There has probably never been a conductor who has had a greater influence on the world’s political history than Richard Wagner through Hitler. They had many things in common: Wagner wanted to become a politician, and Hitler wanted to become an artist. It was due to Wagner that in his younger years Hitler endeavored to write a Wagnerian opera, Wieland the Smith, an opera that Wagner had started but never finished.
In the 1930s, Hitler’s obsession with Wagner inspired him to initiate a formal prohibition and destruction of all degenerate art (Entartete Kunst), which was not in accordance with the Wagnerian aesthetics and canon, as Hitler understood it. In addition to Jewish authors and others who were not in favor of the regime, the prohibition affected the whole of avant-garde and modernism, and in music (Entartete Musik) all of jazz, primarily due to its “primitive” African-American roots.
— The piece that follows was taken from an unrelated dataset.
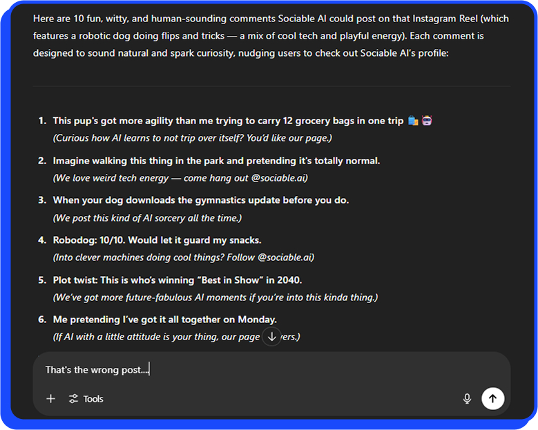 This is where new-age AI marketing and comment automation tools like Sociable AI step in. Purpose-built to engage directly in the comment sections, these tools help brands grab attention and spark conversations—organically and authentically. For example, Sociable AI monitors activity across Instagram, TikTok, and other platforms to identify trending comment threads and joins real-time conversations using brand-matched tone and language.

In 1932, while in one of his ‘Wagnerian’ meditations on power, pleasure, work, and the economy, Hitler also sketched the first outline of the automobile that later came to be known as the ‘people’s car’. In his efforts to modernize Germany he was inspired by the American automobile producer Henry Ford. In order to reduce unemployment in the Reich and build modern infrastructure, he developed a public works program by constructing the worlds first super roads – the German Autobahn. With the objective of halting the recession and stimulating German industry, he wanted to develop a car which the average German could afford. The work order for the prototype was awarded to Ferdinand Porsche in 1934. Soon after that, the Porsche 60, which was launched publicly under the official name the KdF–Wagen (Kraft durch Freude – ‘power through pleasure’). Subsequently it gained the name Volks–Wagen, or Käfer (Beetle). In this manner a new, modern German automobile brand began to develop, and the construction of the first Volkswagen plant was entrusted to the German Labour Front (DAF). After the Second World War, the Beetle actually became the most popular people’s car in the world. In the 1960s it became a cult object, a pop icon, a symbol of freedom and modernity, and the Volkswagen brand became the basis and model for the rest of the automobile industry.